Fishing is the capture of aquatic organisms in marine, coastal and inland areas. Marine and inland fisheries, together with aquaculture, provide food, nutrition and a source of income to around 820 million people around the world, from harvesting, processing, marketing and distribution. For many it also forms part of their traditional cultural identity. One of the greatest threats to the sustainability of global fishery resources is illegal, unreported and unregulated fishing.

FAO’s role in fisheries

FAO recognizes the importance of fish and its many associated products for:

  • Food security and nutrition.
  • Economic growth through fish production and trade.
  • Poverty alleviation and the creation of employment opportunities in rural areas.

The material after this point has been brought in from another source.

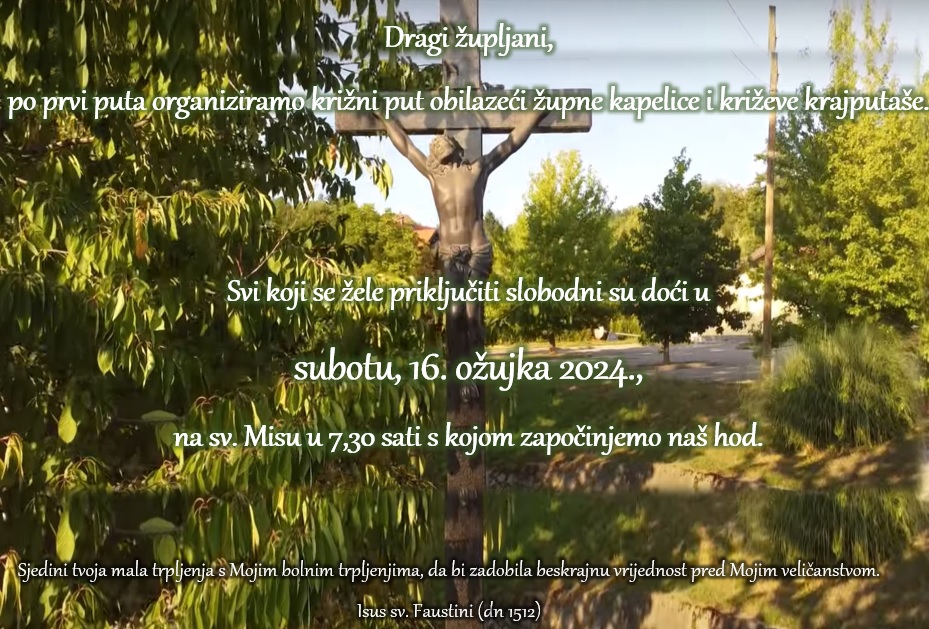 Zagreb, (IKA) – Prvi križni put po naselju Gajnice održat će se u subotu 16. ožujka. Hod za raspelom počinje misom u 7.30 u župnoj crkvi. Postaje će biti župne kapelice i križevi krajputaši.
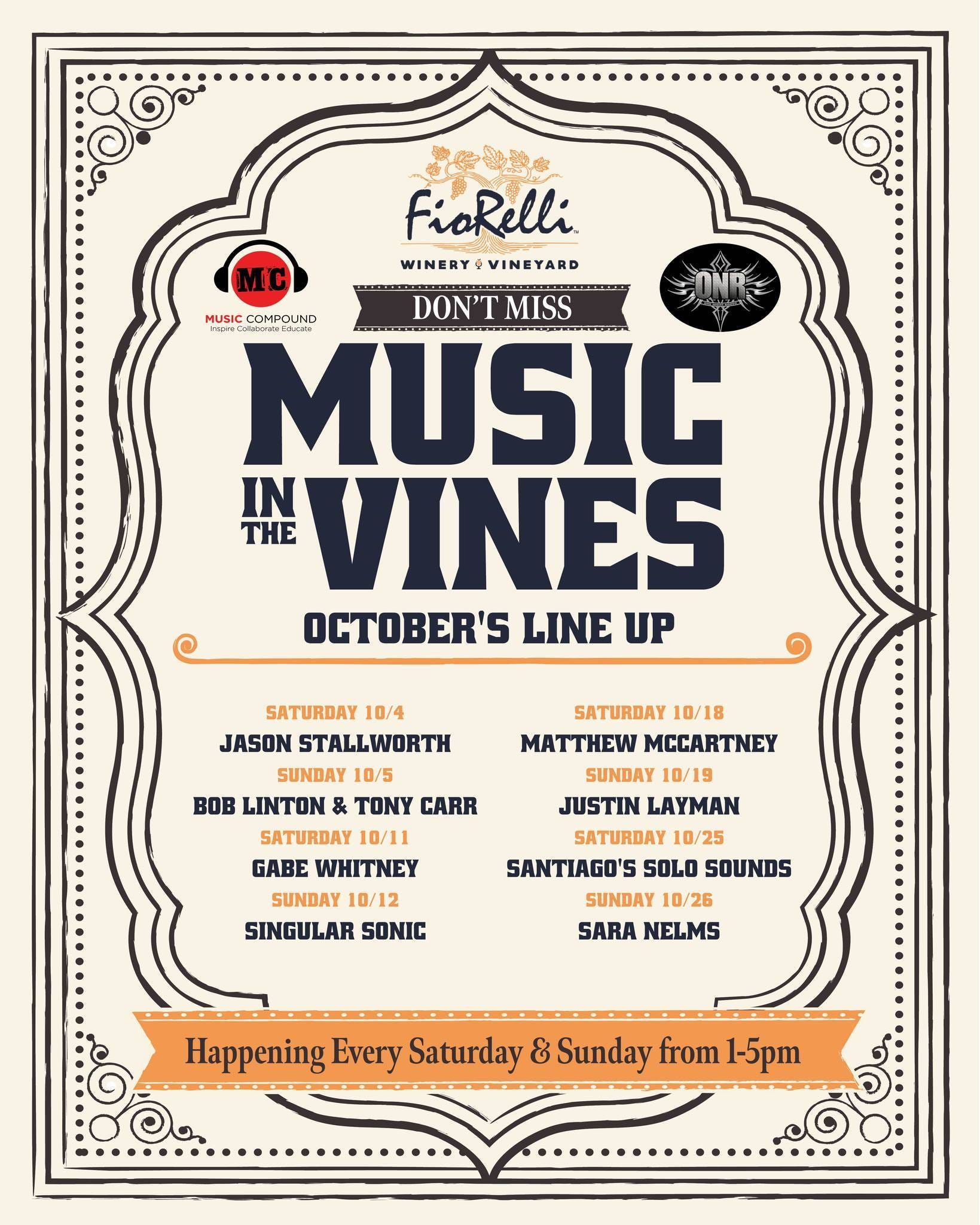 Part of the October weekend music series, enjoy live performances by Gabe Whitney and Singular Sonic in a relaxed vineyard setting.

FAO plays a leading role in international fisheries policy, including through the Committee on Fisheries (COFI) and related sub-committees on Fish Trade and Aquaculture. FAO works with a wide range of partners, including Governments, Regional Fisheries Bodies, cooperatives, fishing communities and others on:

  • Implementing the Code of Conduct for Responsible Fisheries and the Ecosystem Approach to Fisheries (EAF).
  • Compiling and publishing the global capture production database, including fleet, fishers and trade-related data.   
  • Reducing the negative impacts of fishing on the environment through technological and community-based management solutions.
  • Implementing the Port State and Flag State Measures Agreements to prevent, deter and eliminate illegal, unreported and unregulated fishing.
  • Assisting Members countries in disaster preparedness as well as providing assistance to fishing communities affected by emergencies and natural disasters.
  • Supporting Member countries in developing and implementing international guidelines relating to fisheries operations including bycatch management and reduction of discards; eco-labelling and traceability; reduction of fish loss and waste; and supply chain efficiency.
  • Improving understanding of the socio-economics of fisheries taking into account value chain dynamics and market access, the status of fisheries resources; access and user right; issues related to decent work conditions and social protection; equitable revenue distribution and profitability and value-addition.
  • In close collaboration with intergovernmental organizations (e.g. CITES, CMS, IUCN and NGOs), implementing the International Plans of Action (IPOA) for: Reducing Incidental Catch of Seabirds in Longline Fisheries; Conservation and Management of Sharks; Management of Fishing Capacity; and Prevent, Deter, and Eliminate Illegal, Unreported and Unregulated Fishing.
  • Raising the profile of inland fisheries due to its importance for food security and poverty alleviation.
  • Providing assistance in disaster preparedness planning and in dealing with the impacts of climate change at the national, regional and international levels as well as assisting fishing communities affected by natural disasters and prolonged emergencies.
  • Recognizing small-scale fisheries as a fundamental contributor to poverty alleviation and food security, FAO supports the development of the sector, including through the development of a dedicated instrument the voluntary Guidelines for Securing Sustainable Small-Scale Fisheries in the Context of Food Security and Poverty Eradication.
In 2016, 88 percent of the total fish production (151 million out of 171 million tonnes) was for direct human consumption. This is up from 67 percent in the 1960s. In fact the annual growth rate of fish available for human consumption has surpassed that of meat from all terrestrial animals combined.
China is the world’s top fish producer by far, and since 2002, has also been the largest exporter of fish and fish products.
Alaska pollock was the top caught species in 2016. Anchoveta came in second and skipjack tuna ranked third.
40.3 million people worked in the primary sector of capture fisheries in 2016
The value of world trade in fish and fish products has grown significantly, with exports rising from USD 8 billion in 1976 to USD 143 billion in 2016.
Fish provides high-quality, easily-digestible animal proteins that contributes significantly to the human diet and helps fight micronutrient deficiencies.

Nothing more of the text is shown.